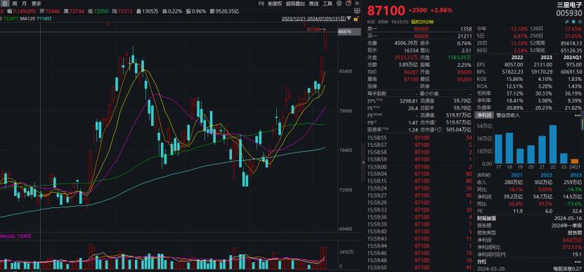 当天,在财务报告的刺激下,三星电子股价上涨了近3%,创下了近三年的新高,市值也上升到了519.97万亿韩元,相当于约2.76万亿元。它还推动了韩国综合指数上涨1%以上,创下2022年1月至今的新高。
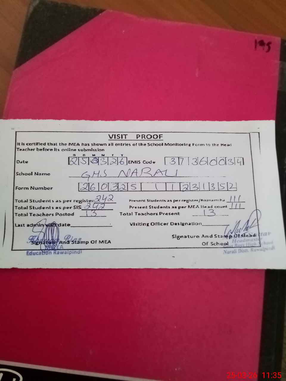 | Certified that this School was Inspected by the Undersigned MEA/DMO Today and the Information Stated Above is as Per Record. | |||||
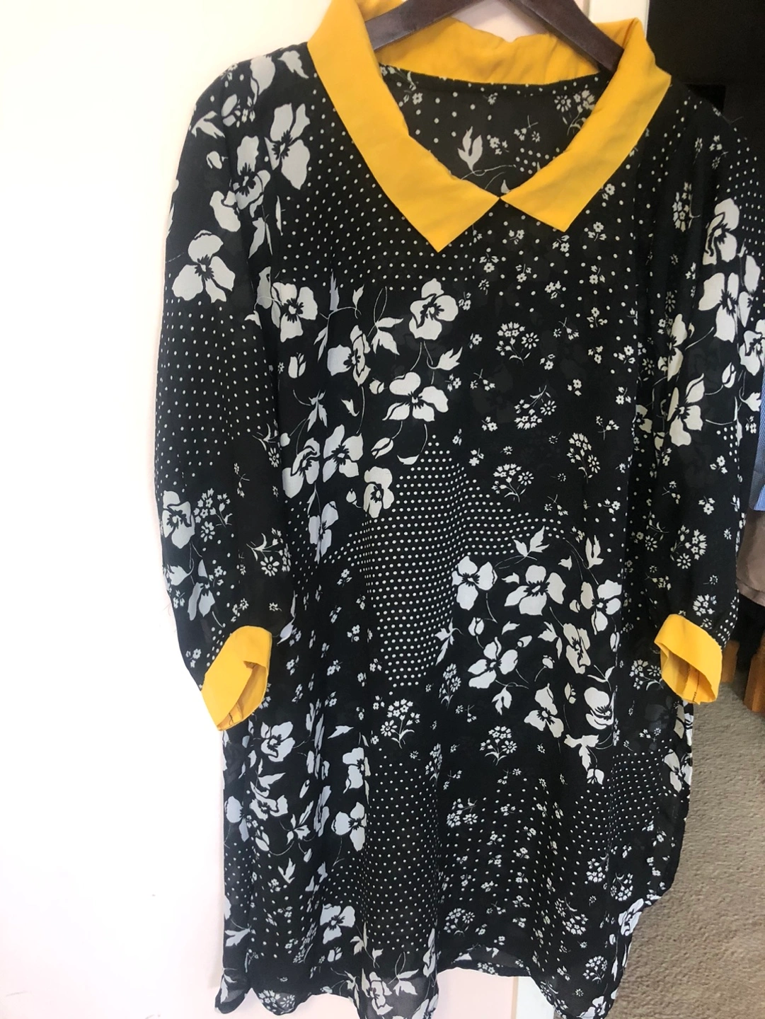 Women's shirt Features a black and white floral print, mustard yellow collar and cuffs. Three-quarter sleeves. Relaxed fit.
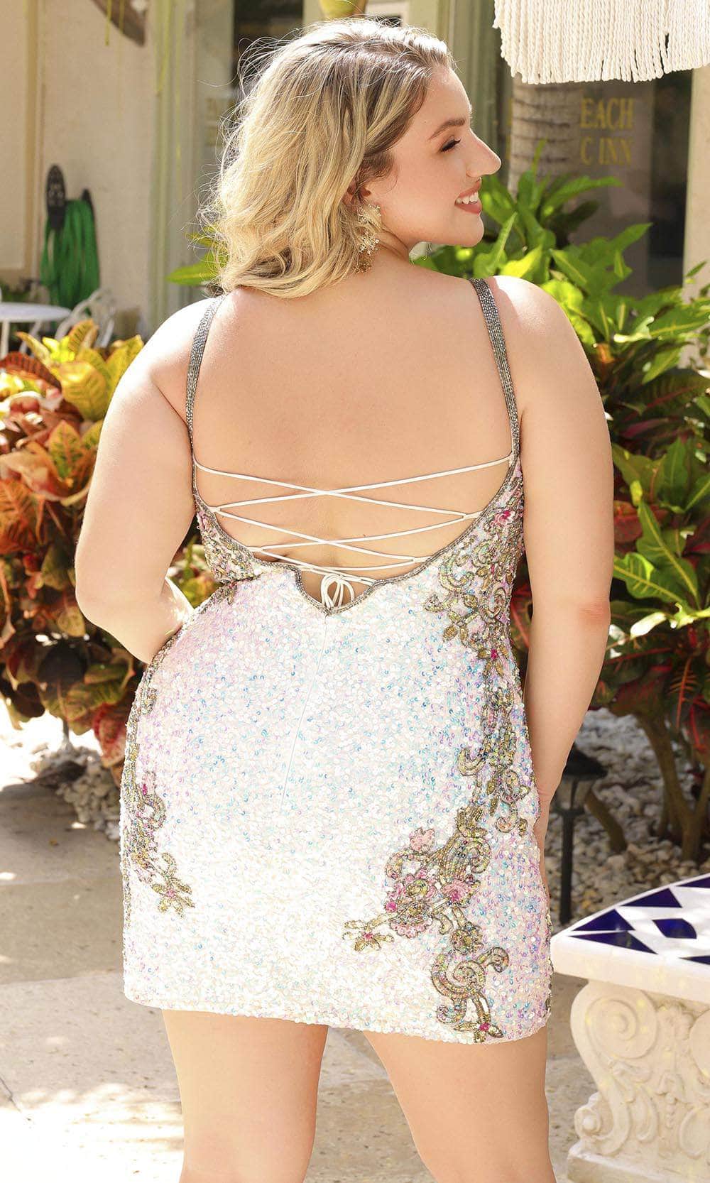 Unleash your inner radiance and embrace the epitome of elegance with Primavera Couture 14029. This mesmerizing cocktail dress is a true masterpiece, adorned with a dazzling array of sparkling sequins and multi-colored accents in an intricate pattern. The sleeveless fitted bodice, graced with a V-neckline, exudes timeless charm and sophistication. The open back, delicately tied with lace-up detail, adds a touch of allure. With a back zipper closure ensuring a perfect fit, the short-length sheath silhouette reveals a breathtaking display of confidence and beauty. Prepare to captivate hearts and make a lasting impression in this enchanting Primavera Couture 14029 creation. Models are wearing Black, Ivory, and Midnight colors.
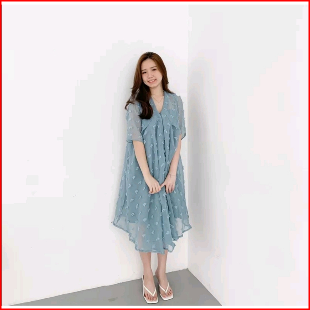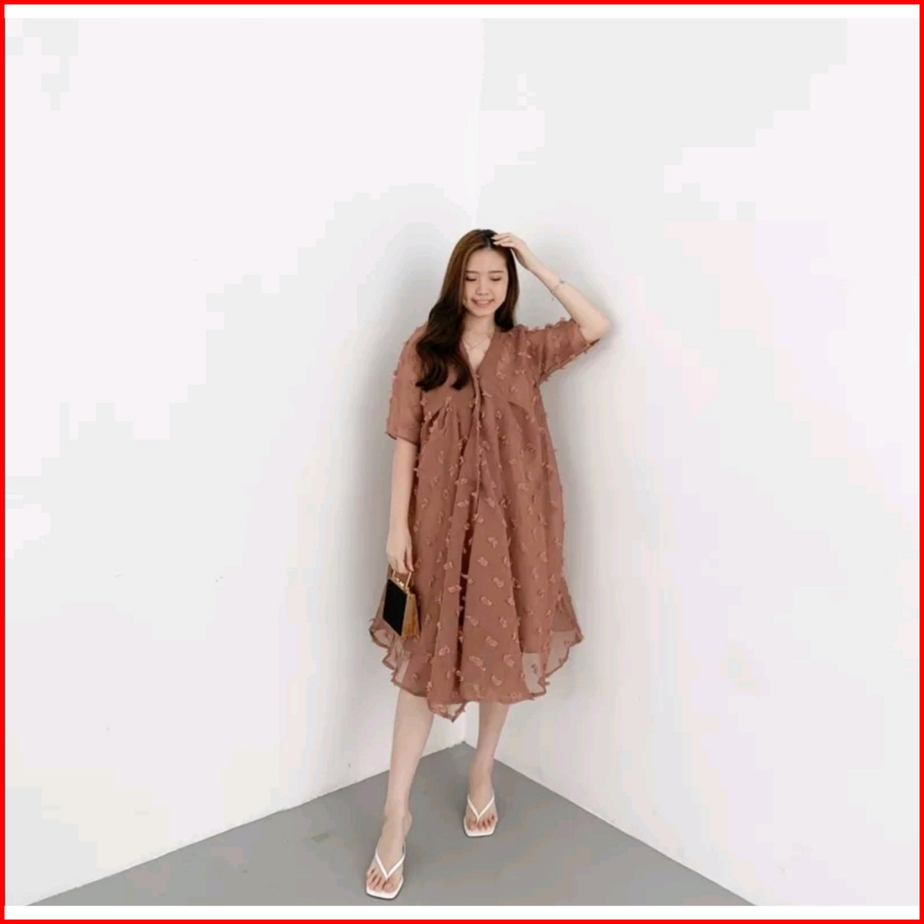 Mora Dress Free Inner Dress Brukat Baju Lebaran Idul Fitri Dress Kondangan Korean Dress Lengan Panjang Timbul Brokat Dre
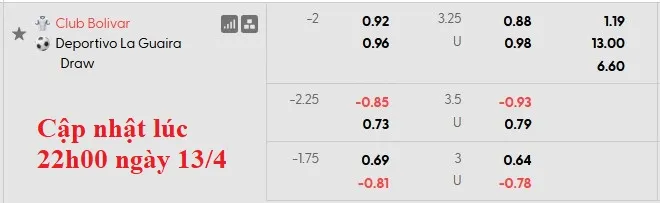 2 trận liên tiếp của Club Bolivar và đến 9/10 của La Guiara đều chỉ có không quá 2 bàn được ghi. Bất chấp việc kèo tài xỉu trận đấu này có lên tới 3 1/4, khả năng nổ tài cũng không hề cao trong lần đầu tiên hai đội gặp nhau.
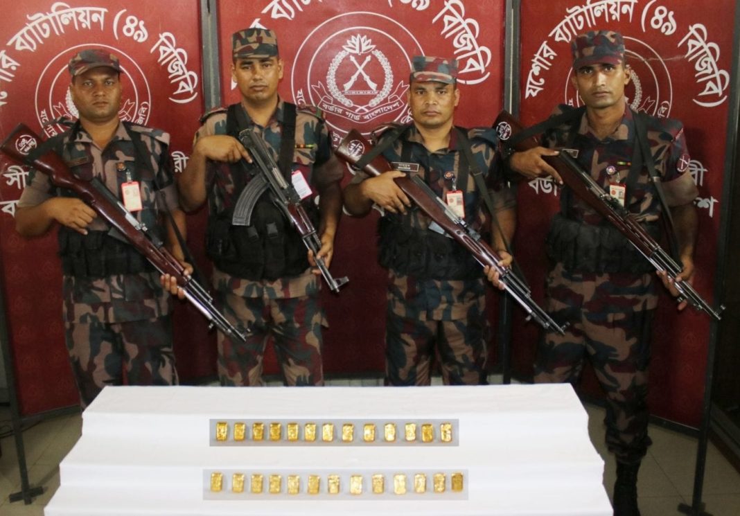 তাদের গামছার মধ্যে স্কচটেপ দিয়ে বিশেষ কায়দায় লুকিয়ে রাখা ২৬ টি সোনার বার উদ্ধার করা হয়। উদ্ধারকৃত সোনা শুল্ক গুদামে জমা দেয়া হয়েছে।

__Goal of the exercise__. Print the complete listing exactly as it stands, without its pictures.

__Solution to this problem__.
 当天,在财务报告的刺激下,三星电子股价上涨了近3%,创下了近三年的新高,市值也上升到了519.97万亿韩元,相当于约2.76万亿元。它还推动了韩国综合指数上涨1%以上,创下2022年1月至今的新高。
 | Certified that this School was Inspected by the Undersigned MEA/DMO Today and the Information Stated Above is as Per Record. | |||||
 Women's shirt Features a black and white floral print, mustard yellow collar and cuffs. Three-quarter sleeves. Relaxed fit.
 Unleash your inner radiance and embrace the epitome of elegance with Primavera Couture 14029. This mesmerizing cocktail dress is a true masterpiece, adorned with a dazzling array of sparkling sequins and multi-colored accents in an intricate pattern. The sleeveless fitted bodice, graced with a V-neckline, exudes timeless charm and sophistication. The open back, delicately tied with lace-up detail, adds a touch of allure. With a back zipper closure ensuring a perfect fit, the short-length sheath silhouette reveals a breathtaking display of confidence and beauty. Prepare to captivate hearts and make a lasting impression in this enchanting Primavera Couture 14029 creation. Models are wearing Black, Ivory, and Midnight colors.
 Mora Dress Free Inner Dress Brukat Baju Lebaran Idul Fitri Dress Kondangan Korean Dress Lengan Panjang Timbul Brokat Dre
 2 trận liên tiếp của Club Bolivar và đến 9/10 của La Guiara đều chỉ có không quá 2 bàn được ghi. Bất chấp việc kèo tài xỉu trận đấu này có lên tới 3 1/4, khả năng nổ tài cũng không hề cao trong lần đầu tiên hai đội gặp nhau.
 তাদের গামছার মধ্যে স্কচটেপ দিয়ে বিশেষ কায়দায় লুকিয়ে রাখা ২৬ টি সোনার বার উদ্ধার করা হয়। উদ্ধারকৃত সোনা শুল্ক গুদামে জমা দেয়া হয়েছে।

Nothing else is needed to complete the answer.